Context, Reasoning, and Hierarchy: A Cost-Performance Study of Compound LLM Agent Design in an Adversarial POMDP
Igor Bogdanov, Chung-Horng Lung, Thomas Kunz, Jie Gao, Adrian Taylor, Marzia Zaman

TL;DR
This study evaluates the design choices of compound LLM agents in adversarial POMDP environments, revealing that structured hierarchies and context engineering outperform complex deliberation strategies in cost-effectiveness and performance.
Contribution
It provides a controlled empirical analysis of LLM agent design trade-offs in adversarial POMDPs, highlighting the benefits of hierarchy and context engineering over deliberation.
Findings
Programmatic state abstraction improves mean return by up to 76%.
Hierarchical decomposition without deliberation yields the best performance.

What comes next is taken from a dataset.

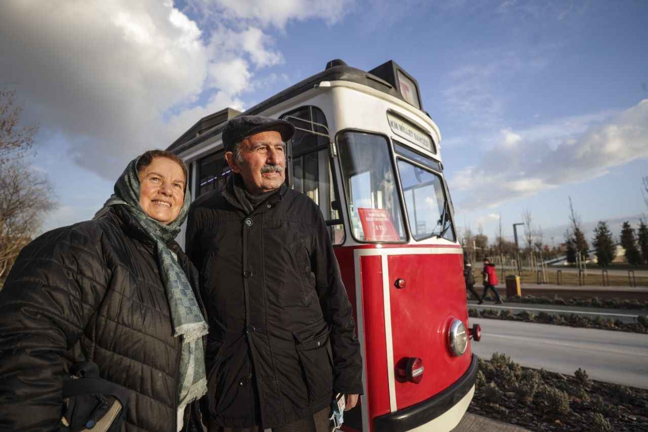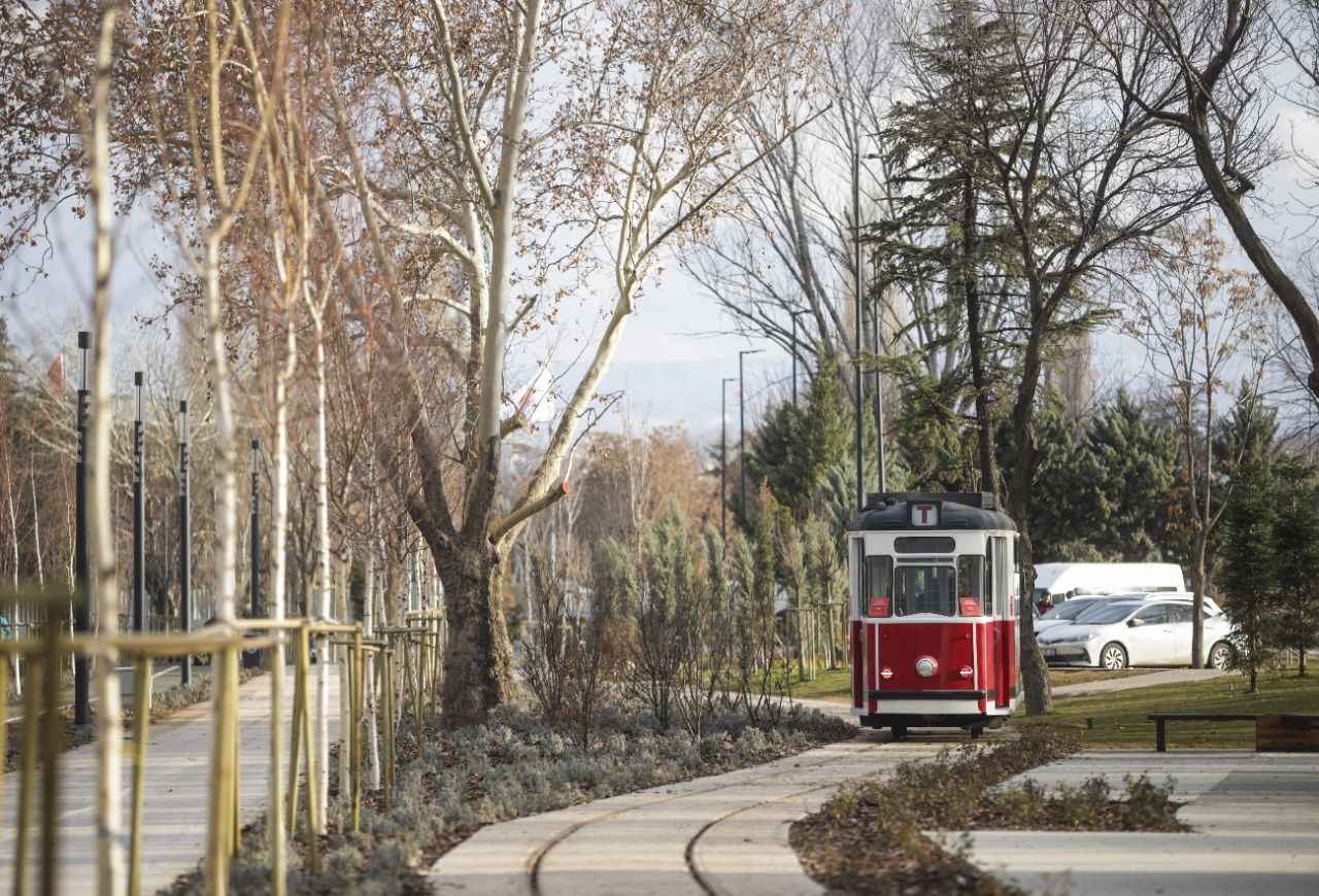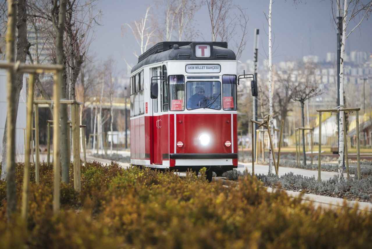 Dış rengi kırmızı içi de ahşap oturaklardan oluşan tramvay, Ankaralıları bir yandan zamanda yolculuğa çıkarırken diğer yandan yeşilin her tonunun görüldüğü peyzaj düzenlemeleriyle dikkati çeken Millet Bahçesi'ni gezme imkanı sunuyor.
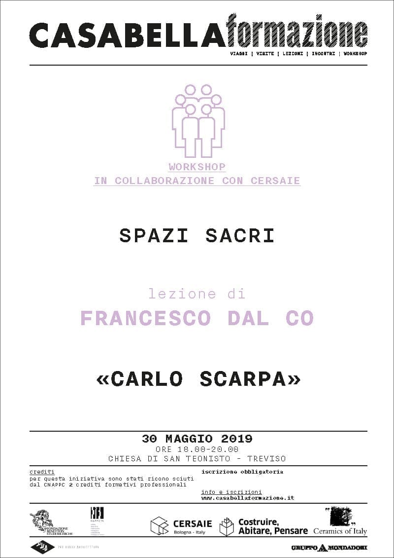 Primo appuntamento giovedì 30 maggio 2019 alle ore 18:00 alla Chiesa di San Teonisto di Treviso (Via San Nicolò, 31). Protagonista di questo incontro è il Professor Francesco Dal Co, che racconterà il lavoro di Carlo Scarpa, uno dei più importanti architetti del XX secolo, premio Olivetti e Medaglia d’Oro ai Benemeriti della Cultura e dell’Arte e membro degli Honorary Royal Designers for Industry, dell’Accademia Olimpica di Vicenza e dell’Accademia Nazionale di San Luca.

Distributed deliberation tools can cause a destructive cascade, reducing performance.
Abstract
Deploying compound LLM agents in adversarial, partially observable sequential environments requires navigating several design dimensions: (1) what the agent sees, (2) how it reasons, and (3) how tasks are decomposed across components. Yet practitioners lack guidance on which design choices improve performance versus merely increase inference costs. We present a controlled study of compound LLM agent design in CybORG CAGE-2, a cyber defense environment modeled as a Partially Observable Markov Decision Process (POMDP). Reward is non-positive, so all configurations operate in a failure-mitigation mode. Our evaluation spans five model families, six models, and twelve configurations (3,475 episodes) with token-level cost accounting. We vary context representation (raw observations vs. a deterministic state-tracking layer with compressed history), deliberation (self-questioning,…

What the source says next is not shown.